Monday, February 10, 2025

Hope - Virtue or Rhetorical Technique?

                                                                   


        
Jeffrey S. Metcalfe notes that for Augustine the supreme happiness in temporal life is never achieved, so love and hope are also required. Love cannot exist without hope.

For Augustine, without the hope that a future good will result from one’s love and faith, faith sets up a happiness that excludes its beholder: faith becomes terror.

Without hope, love ceases to produce any happiness in the present, for one’s failure to love completely will always remain a source of misery.

Without hope, the believers faith will be miserable, there will be no happiness in the present, and thus, his love will not move him into action. Without love moving him into action, his hope is pointless, and his faith empty.

However, for consolation St Augustine says that “though human life is compelled to be wretched by all the grievous evils of this world…so we do not enjoy a present happiness, but look forward to happiness in the future.”
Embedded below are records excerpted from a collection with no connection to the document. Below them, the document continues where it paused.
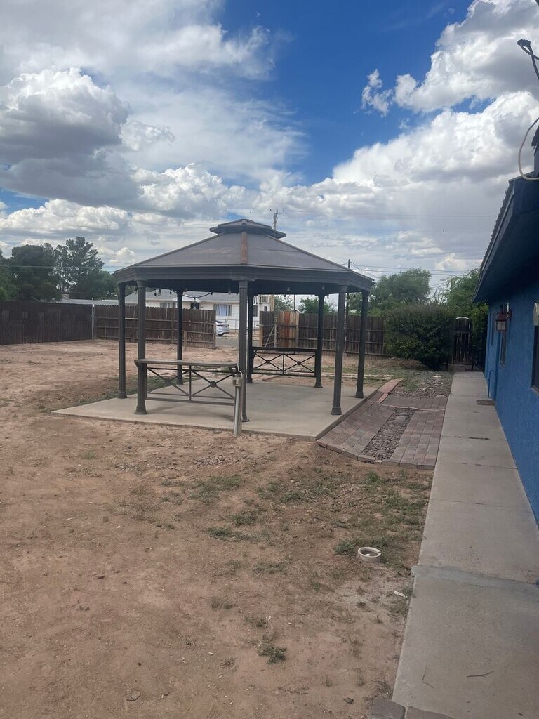 This well-located 4-bedroom, 2-bath home in Benson, AZ, sits on a corner lot in the middle of town and offers a one-car garage and a dedicated laundry room for convenience. Recently refreshed with new paint, the interior includes a separate dining room and two water heaters for added efficiency. Outdoors features a large backyard with a spacious gazebo—ideal for outdoor living and entertaining. Practical layout and central location make this property a functional choice for a variety of needs.
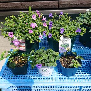 室内越冬OKのPWアンバサダー花苗さん達です💕 ユーフォルビア ダイアモンドフロストとアンゲロニア エンジェルフェイスはずっと咲き続けています✨ エボルブルス ブルーラグーン(自宅の)とスーパートレニア カタリーナも少し咲き始めました❀.(*´▽`*)❀. GW過ぎた頃✨外に慣らしつつ出します👍
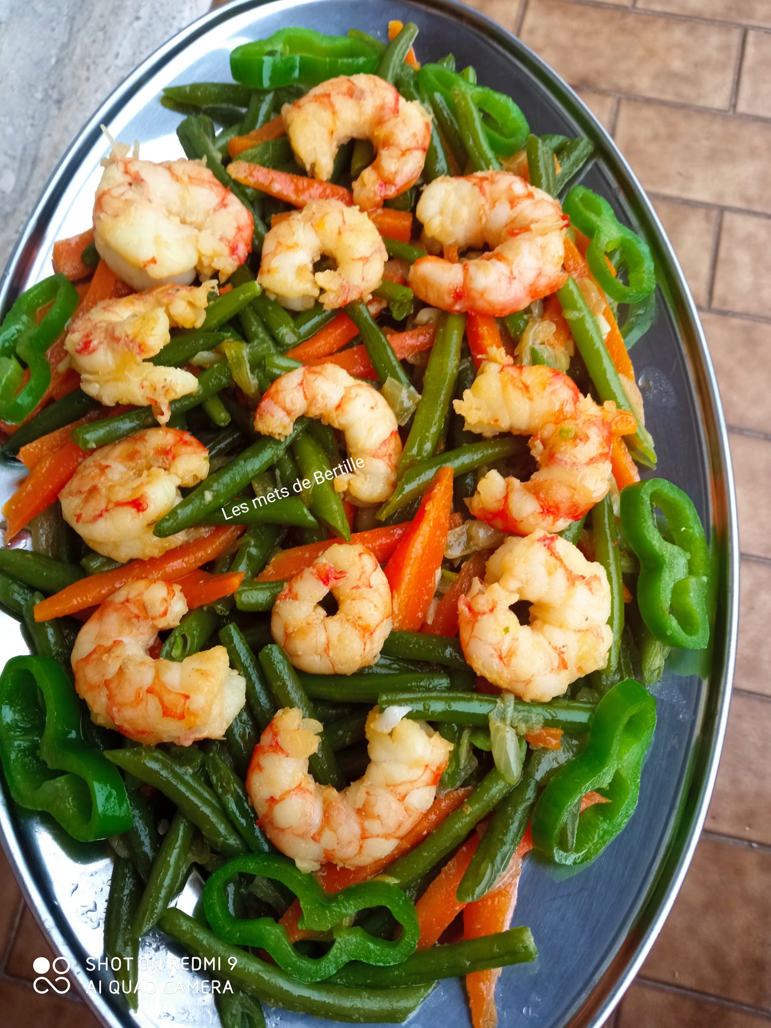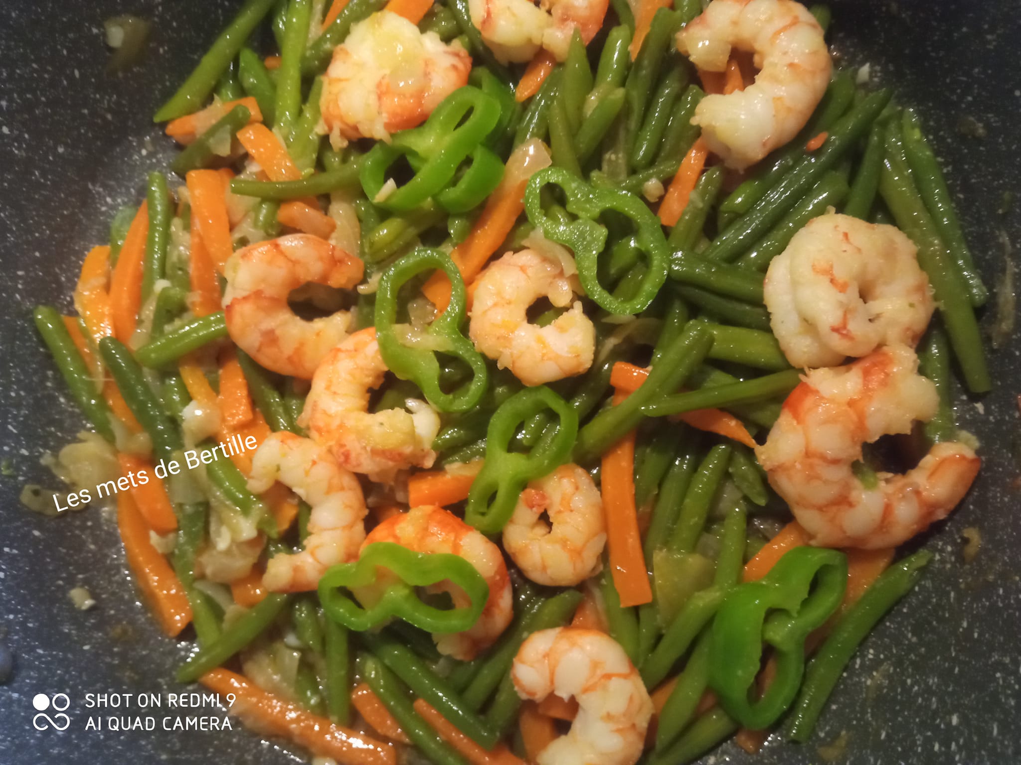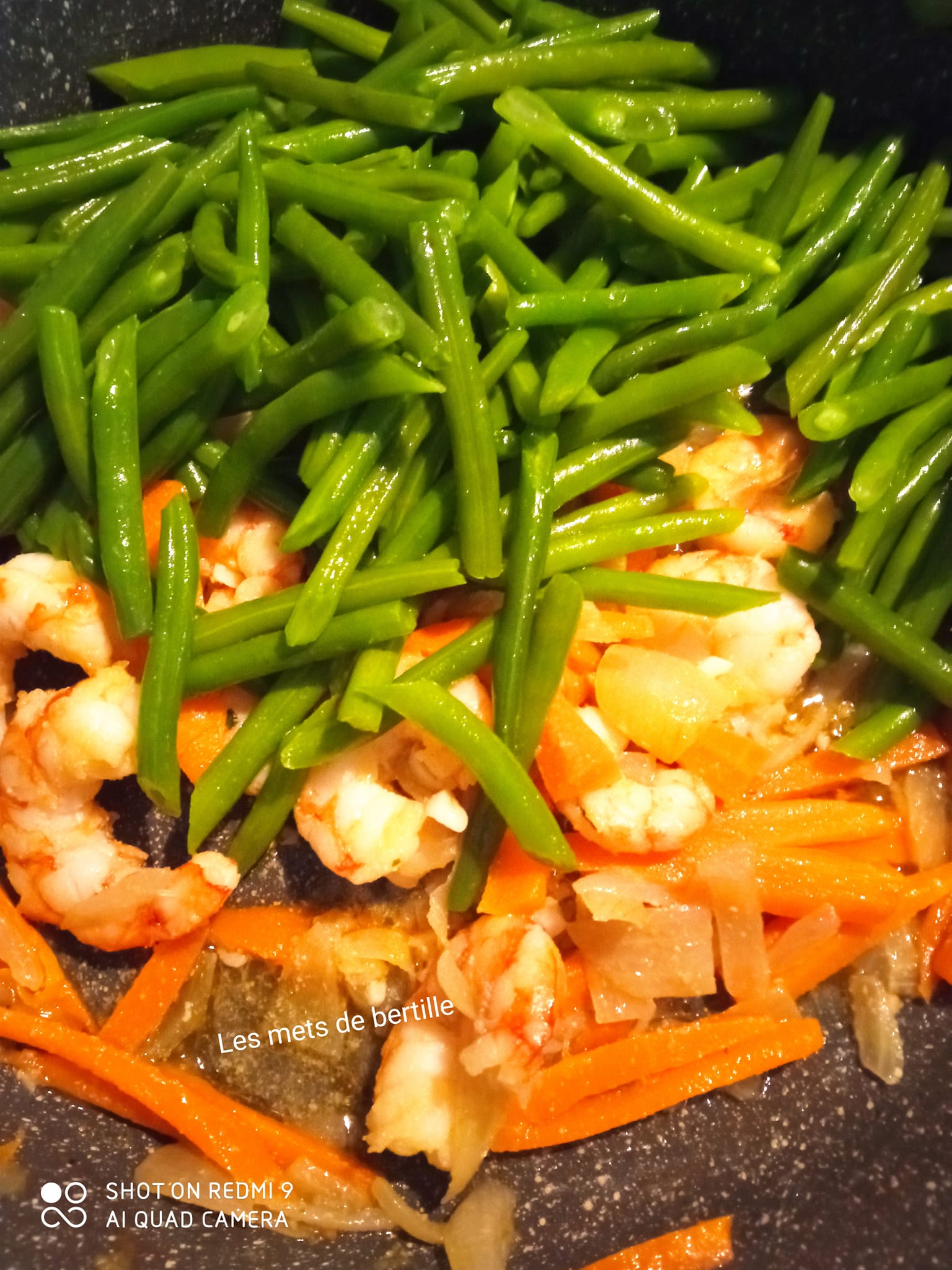 - Ajouter le haricot vert et les poivrons, laisser mijoter encore quelques minutes puis servir

For the Black Theologian Vincent Lloyd this hope is the textbook definition of classical psychoanalytical melancholia.“In both, an object is lost, it is mourning without end, the bereaved individual feels the loss not in the external world but in herself, thereby securing a present identity in an eternal loss.”

The only difference between Augustinian hope and mourning, he says, is that,

“In hope, that object is projected into the future, in melancholia, it is projected into the past.”

In this light, Lloyd claims that the virtue of hope serves as a tactic to avoid tragedy. “When one object is pushed so far forward that it is no longer part of our time, It is just hope.” This serves as a threat to ordinary life precisely because this hope is not of our time: the eternal future is always in the future.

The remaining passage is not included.